→ What you will do
No picture belongs in the copy. Repeat each line below exactly.

→ Provided material
::::::::::

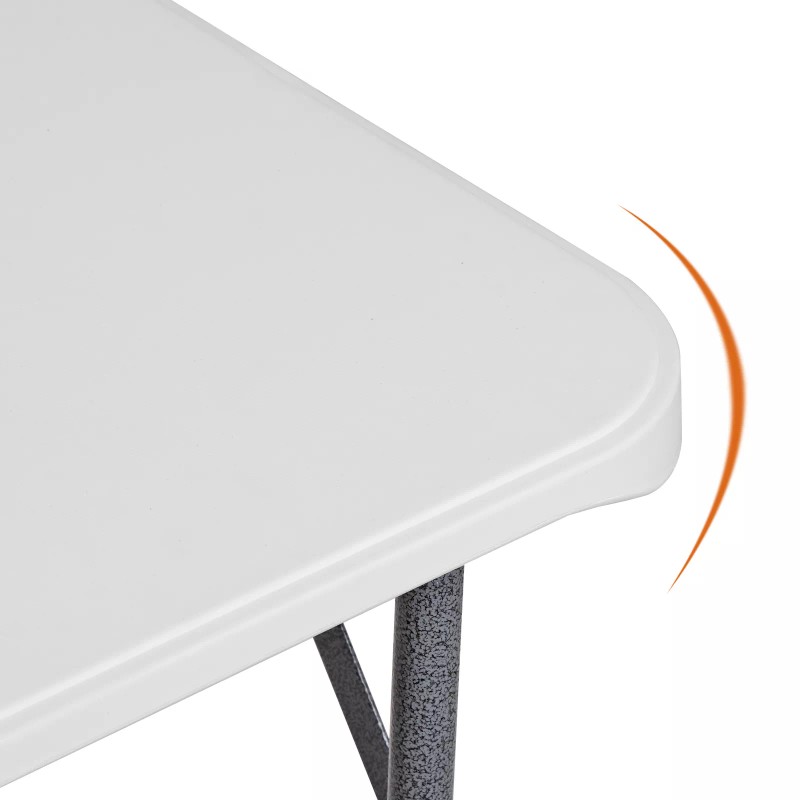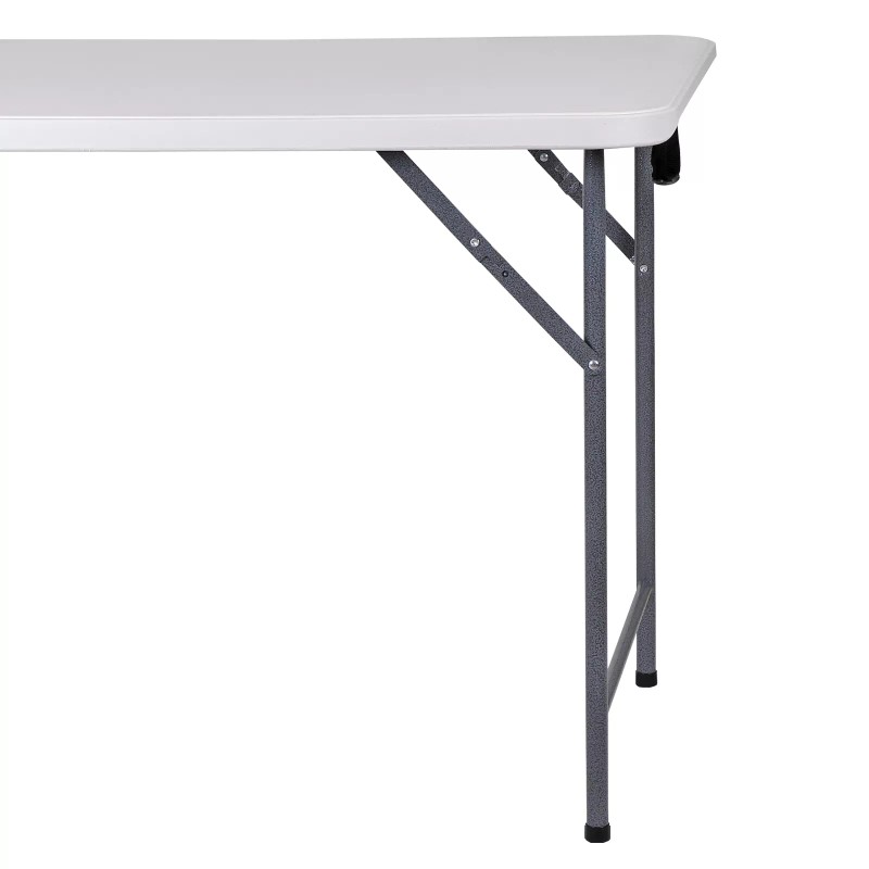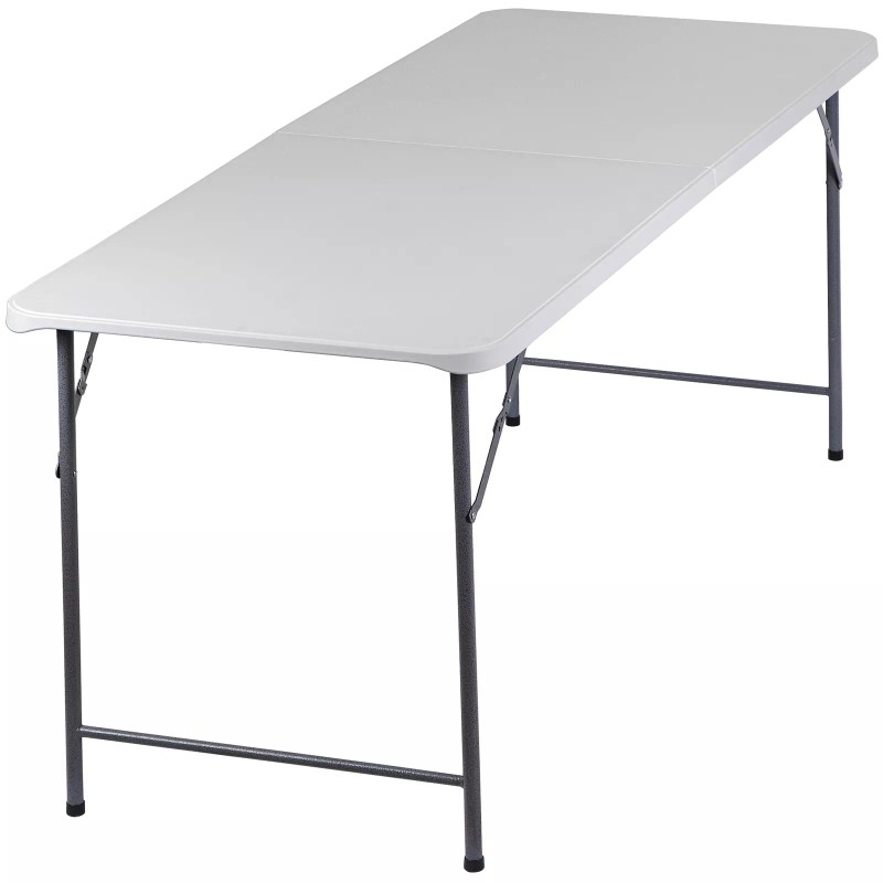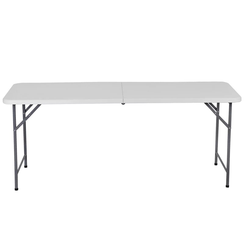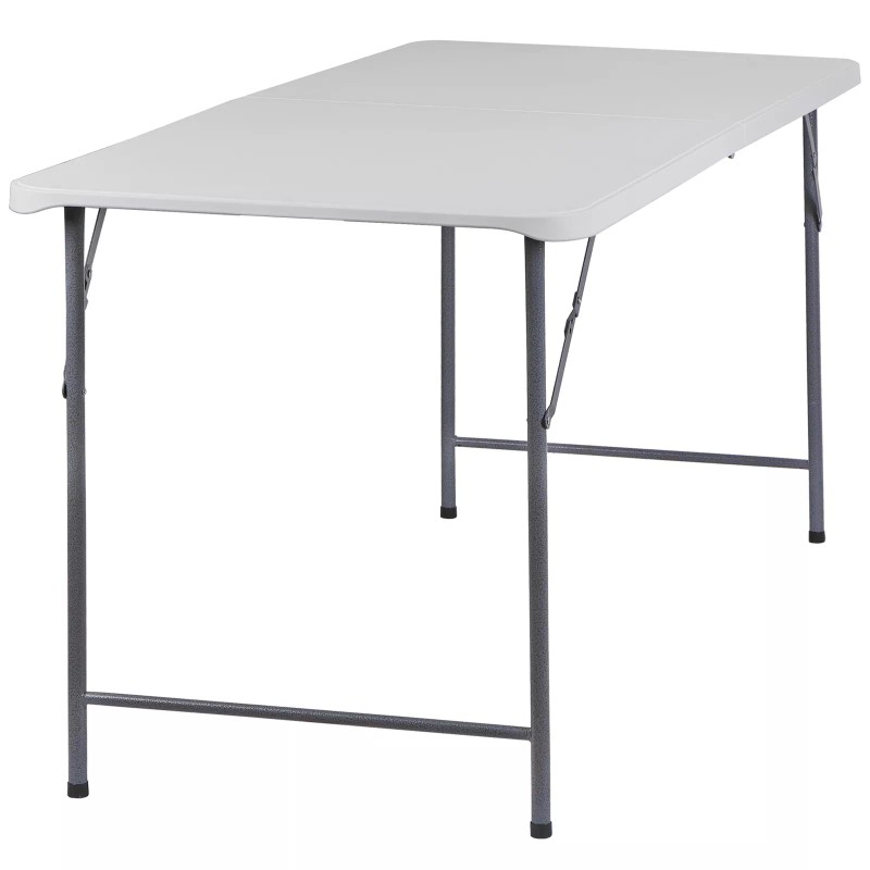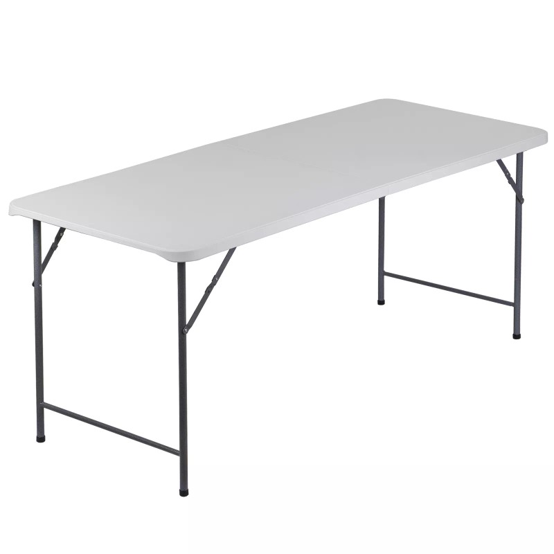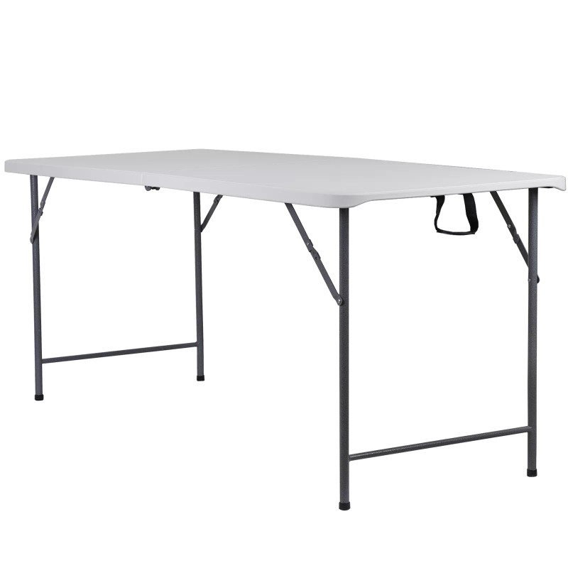 - Foldable Table: This 6 foot folding table can be folded in the middle, buckled with a safety buckle, safe and easy to store. There is a comfortable handle on the edge of the table, more convenient to carry. Easily fits in the car trunk.
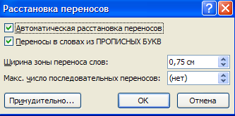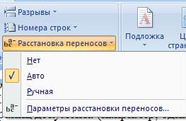 По умолчанию Word работает в режиме автоматического размещения текста: если слово не помещается в строке, оно переносится на следующую. Но, программа умеет расставлять и переносы слов. Для этой цели служит опция "Расстановка переносов". Возможны два варианта: Автоматическая настройка; Ручная настройка. Пункт "Параметры расстановки переносов" позволяет сделать тонкую настройку параметров расстановки переносов.
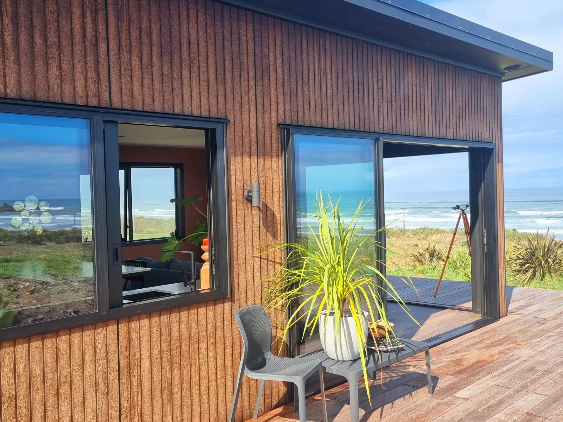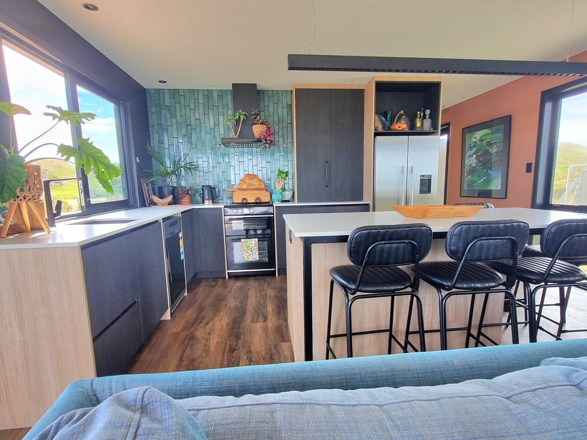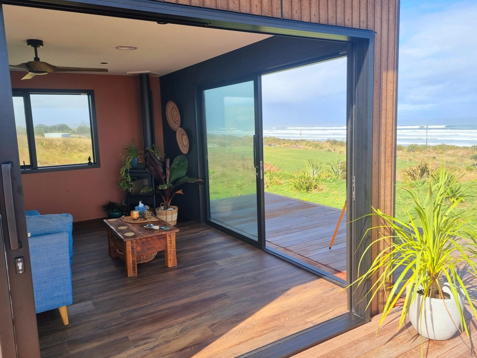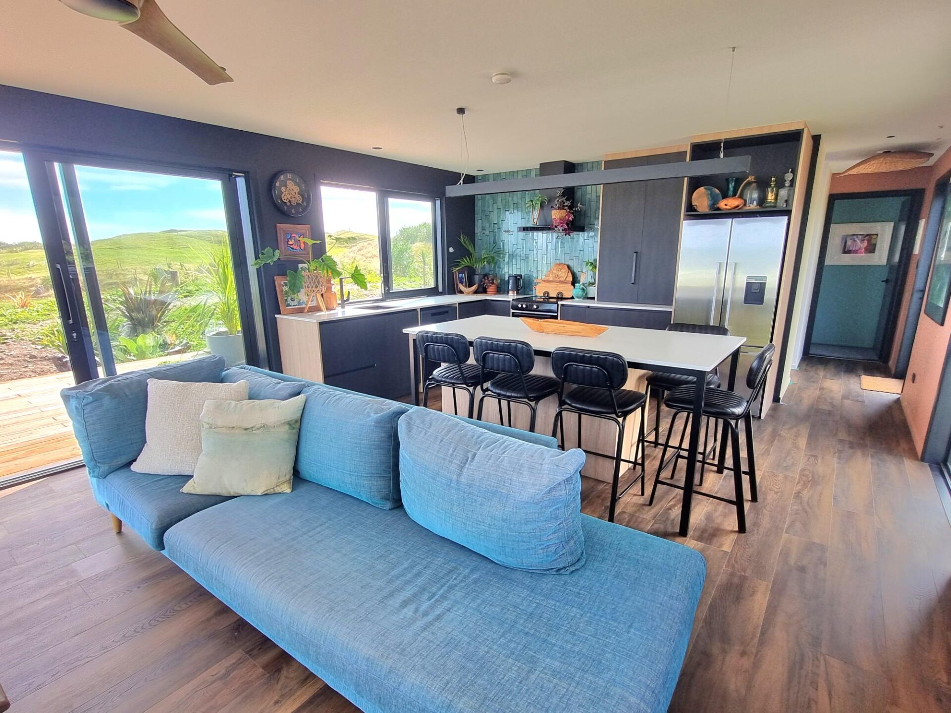 Here’s some pics of a 65sqm, 1 bedroom Kendall home that looks amazing with lots of upgrades! Sited next to a West Coast beach, surrounded by rolling farmland with 180 degree views of the Tasman Sea, this is a real slice of sunset paradise. Imagine your granny flat, airbnb, holiday home or retirement home looking like this?
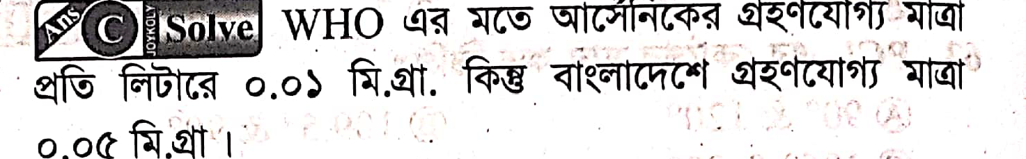 বিশ্বস্বাস্থ্য সংস্থা কতৃক নির্ধারিত আর্সেনিকের নিরাপদ মাত্রা (mg/L) কত?

::::::::::

→ Answer to this exercise
 - Foldable Table: This 6 foot folding table can be folded in the middle, buckled with a safety buckle, safe and easy to store. There is a comfortable handle on the edge of the table, more convenient to carry. Easily fits in the car trunk.
 По умолчанию Word работает в режиме автоматического размещения текста: если слово не помещается в строке, оно переносится на следующую. Но, программа умеет расставлять и переносы слов. Для этой цели служит опция "Расстановка переносов". Возможны два варианта: Автоматическая настройка; Ручная настройка. Пункт "Параметры расстановки переносов" позволяет сделать тонкую настройку параметров расстановки переносов.
 Here’s some pics of a 65sqm, 1 bedroom Kendall home that looks amazing with lots of upgrades! Sited next to a West Coast beach, surrounded by rolling farmland with 180 degree views of the Tasman Sea, this is a real slice of sunset paradise. Imagine your granny flat, airbnb, holiday home or retirement home looking like this?
 বিশ্বস্বাস্থ্য সংস্থা কতৃক নির্ধারিত আর্সেনিকের নিরাপদ মাত্রা (mg/L) কত?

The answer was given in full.